ENTRIES PROVIDED:

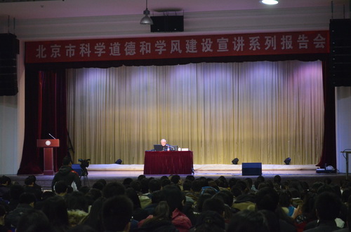 2013年12月5日,14点30分,北京市科学道德和学风建设宣讲系列报告会在我校大学生活动中心隆重召开,建筑学院组织大一新生参加本次活动,同时此次讲座也是思想政治教育课程的重要学习内容。
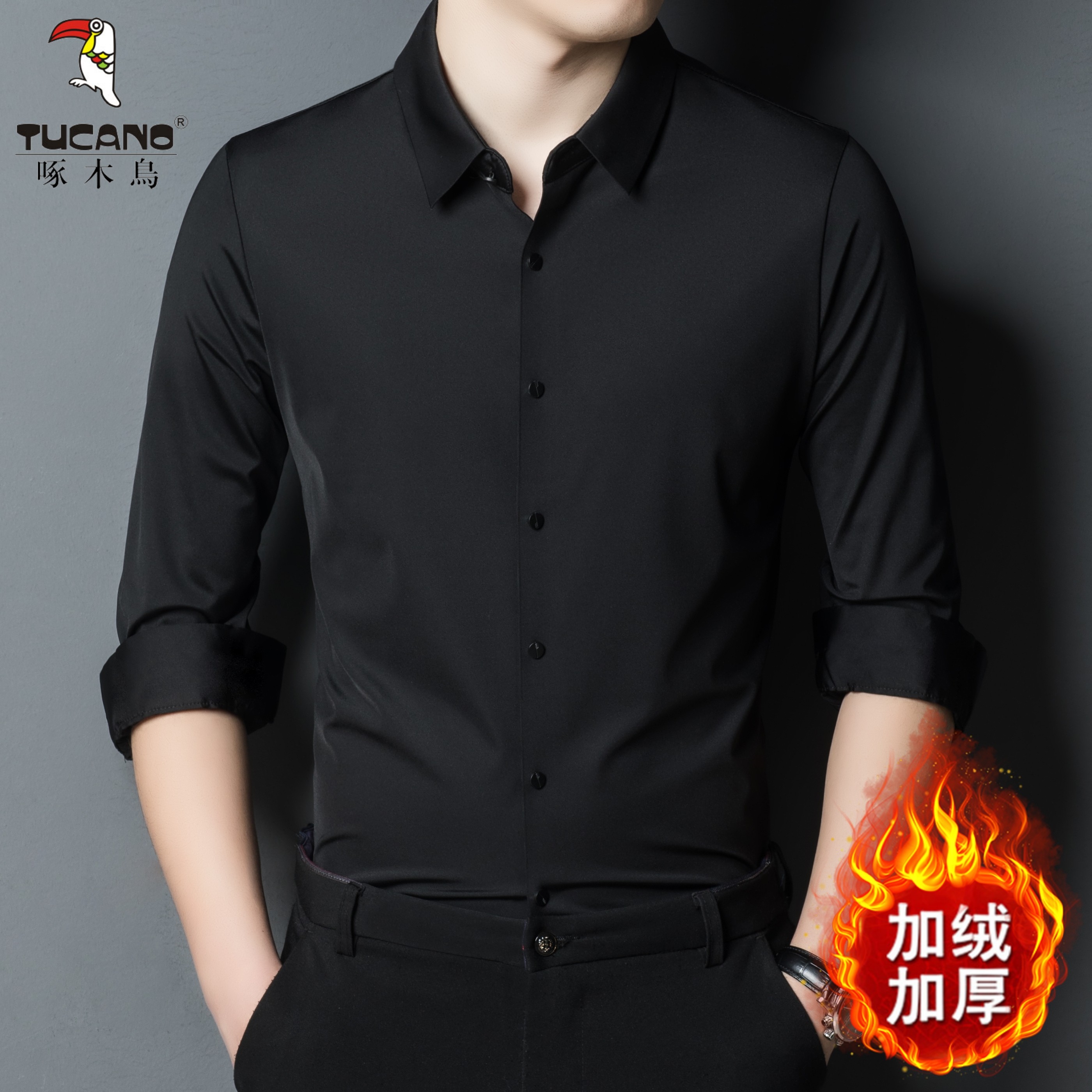 啄木鸟保暖黑色衬衫男士加绒加厚冬季中年商务无痕长袖衬衣一体绒
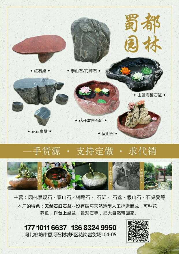 發(fā)布信息: 專營:泰山石、景觀石、天然石頭花盆水盆、鋪路石、假山石、石桌石凳等,一手貨源,支持定做,求代銷!!
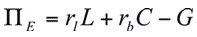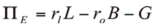 is the first derivative of profits with respect to the amount of e-money issued (E), L are loans (or other long-term investments), r1 is the interest rate on loans, C is structural money market lending, rb is the bid rate in the money market, B is structural money market borrowing, ro is the money market offer rate and G is a composite cost-term (including asset management costs, solvency cost, cost of capital for investment into e-money issuing and other costs).
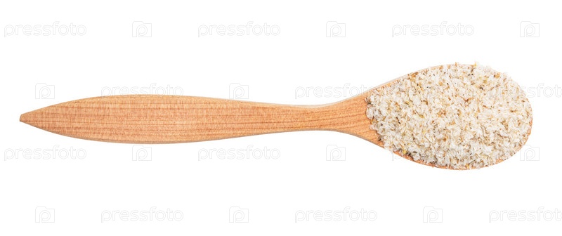 Выше вид шелухи подорожника в деревянной ложке изолированы
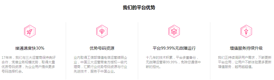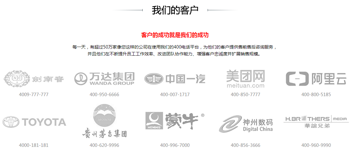 17年來,我們憑借深厚的行業積累,匯聚優勢號碼資源與行業先進技術,服務于中國企業,目前已為超過50萬家企業用戶提供400通信平臺服務。
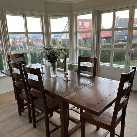 Stolene er stabile, komfortable og passer perfekt til bordets moderne uttrykk.
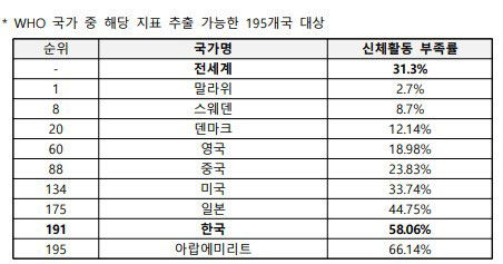 ´Ù¸¸ Àü ¼¼°è Æò±Õ°ú ºñ±³ÇßÀ» ¶© ºÎÁ·ÇÑ ¼öÄ¡´Ù. WHO ÀÚ·á¿¡ µû¸£¸é 195°³±¹ ´ë»ó Àü¼¼°è ½ÅüȰµ¿ ºÎÁ··üÀº Áö³ 2022³â ±âÁØ 31.3%Àε¥ ¹ÝÇØ, ¿ì¸®³ª¶ó ¼ºÀÎÀÇ ½ÅüȰµ¿ ºÎÁ··üÀº 58.1%·Î 1.9 ¹è¿¡ ´ÞÇß´Ù. 195°³±¹ Áß 191À§¿¡ ÇØ´çÇß´Ù.
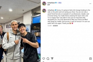 體育資訊8月4日訊 今日,熱刺前鋒理查利森在個(gè)人Ins中告別了隊(duì)友孫興慜。
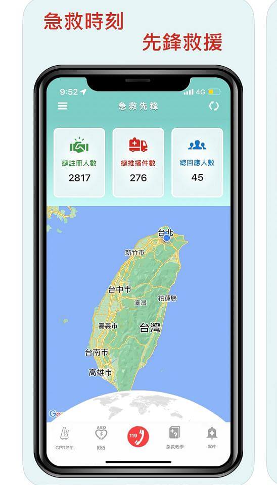 根據衛生福利部統計,台灣每年約有2萬人因「心因性因素」造成心肺功能停止(OHCA),因在醫院外心臟停止是十分緊急的狀況,所以能在1鐘內及時給予病人CPR,急救成功率可高達90%,存活率更可提高近2.5倍,所以需要民眾在救護車到達前伸出援手,因此消防署特地推出「急救先鋒」App,號召全國民眾成為急救先鋒。
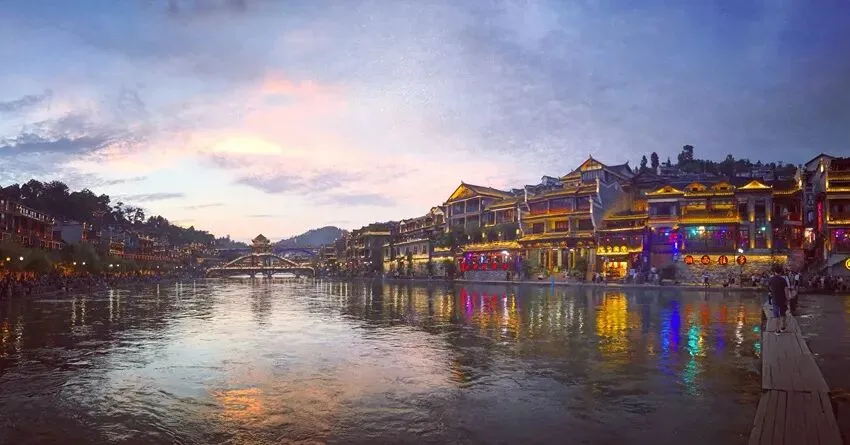 「張家界を昼過ぎに出て、夕方、鳳凰に到着。日が沈み、マジックアワーの時間帯に何とか間に合いました。まさに鳳凰のように輝く電飾や空のグラデーションがとても印象的でした。この日の夜は、ゲストハウスで中国人大学生と意気投合し、一緒に夜の鳳凰古城を散策したのですが、古城内には「日本人入店禁止」のお店も何軒かあります。ただ、「それもまた中国」という寛大な心でいきましょう。
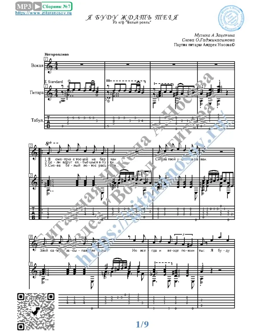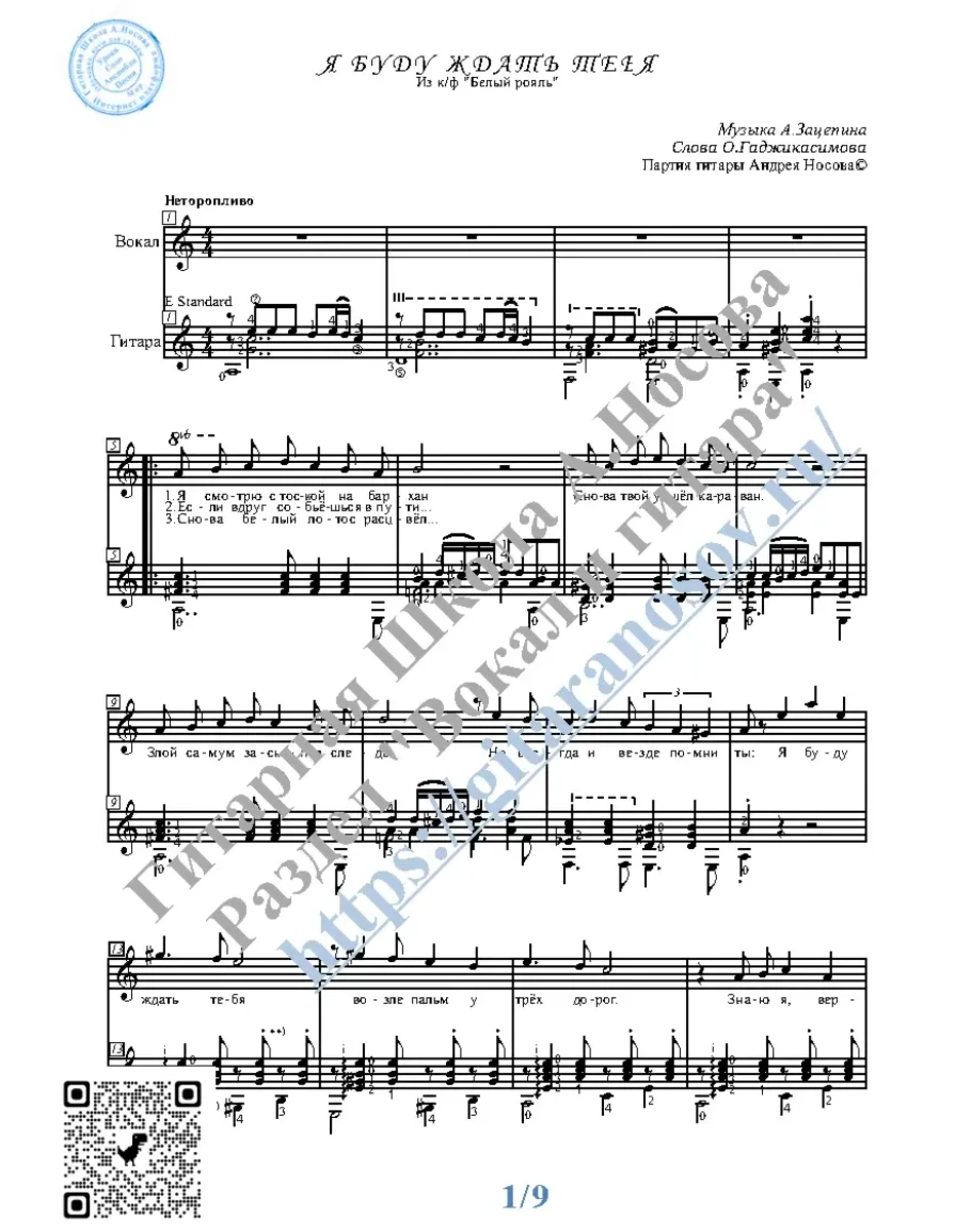 Кликните "Подробнее" для получения дополнительной информацииВашему вниманию предлагается композиция "Я буду ждать тебя (муз.А.Зацепина, сл.О.Гаджикасимова)", предназначенная для вокала в сопровождении 6-ти струнной гитары. Запись выполнена нотами и включает в себя партию вокала с подтекстовкой, партию гитары с подробнейшей аппликатурой и текст песни (НА РУССКОМ).

WORK TO BE COMPLETED: When you copy the listing above, reproduce every line exactly and skip the images.

ANSWER SPACE:
 2013年12月5日,14点30分,北京市科学道德和学风建设宣讲系列报告会在我校大学生活动中心隆重召开,建筑学院组织大一新生参加本次活动,同时此次讲座也是思想政治教育课程的重要学习内容。
 啄木鸟保暖黑色衬衫男士加绒加厚冬季中年商务无痕长袖衬衣一体绒
 發(fā)布信息: 專營:泰山石、景觀石、天然石頭花盆水盆、鋪路石、假山石、石桌石凳等,一手貨源,支持定做,求代銷!!
 is the first derivative of profits with respect to the amount of e-money issued (E), L are loans (or other long-term investments), r1 is the interest rate on loans, C is structural money market lending, rb is the bid rate in the money market, B is structural money market borrowing, ro is the money market offer rate and G is a composite cost-term (including asset management costs, solvency cost, cost of capital for investment into e-money issuing and other costs).
 Выше вид шелухи подорожника в деревянной ложке изолированы
 17年來,我們憑借深厚的行業積累,匯聚優勢號碼資源與行業先進技術,服務于中國企業,目前已為超過50萬家企業用戶提供400通信平臺服務。
 Stolene er stabile, komfortable og passer perfekt til bordets moderne uttrykk.
 ´Ù¸¸ Àü ¼¼°è Æò±Õ°ú ºñ±³ÇßÀ» ¶© ºÎÁ·ÇÑ ¼öÄ¡´Ù. WHO ÀÚ·á¿¡ µû¸£¸é 195°³±¹ ´ë»ó Àü¼¼°è ½ÅüȰµ¿ ºÎÁ··üÀº Áö³ 2022³â ±âÁØ 31.3%Àε¥ ¹ÝÇØ, ¿ì¸®³ª¶ó ¼ºÀÎÀÇ ½ÅüȰµ¿ ºÎÁ··üÀº 58.1%·Î 1.9 ¹è¿¡ ´ÞÇß´Ù. 195°³±¹ Áß 191À§¿¡ ÇØ´çÇß´Ù.
 體育資訊8月4日訊 今日,熱刺前鋒理查利森在個(gè)人Ins中告別了隊(duì)友孫興慜。
 根據衛生福利部統計,台灣每年約有2萬人因「心因性因素」造成心肺功能停止(OHCA),因在醫院外心臟停止是十分緊急的狀況,所以能在1鐘內及時給予病人CPR,急救成功率可高達90%,存活率更可提高近2.5倍,所以需要民眾在救護車到達前伸出援手,因此消防署特地推出「急救先鋒」App,號召全國民眾成為急救先鋒。
 「張家界を昼過ぎに出て、夕方、鳳凰に到着。日が沈み、マジックアワーの時間帯に何とか間に合いました。まさに鳳凰のように輝く電飾や空のグラデーションがとても印象的でした。この日の夜は、ゲストハウスで中国人大学生と意気投合し、一緒に夜の鳳凰古城を散策したのですが、古城内には「日本人入店禁止」のお店も何軒かあります。ただ、「それもまた中国」という寛大な心でいきましょう。
 Кликните "Подробнее" для получения дополнительной информацииВашему вниманию предлагается композиция "Я буду ждать тебя (муз.А.Зацепина, сл.О.Гаджикасимова)", предназначенная для вокала в сопровождении 6-ти струнной гитары. Запись выполнена нотами и включает в себя партию вокала с подтекстовкой, партию гитары с подробнейшей аппликатурой и текст песни (НА РУССКОМ).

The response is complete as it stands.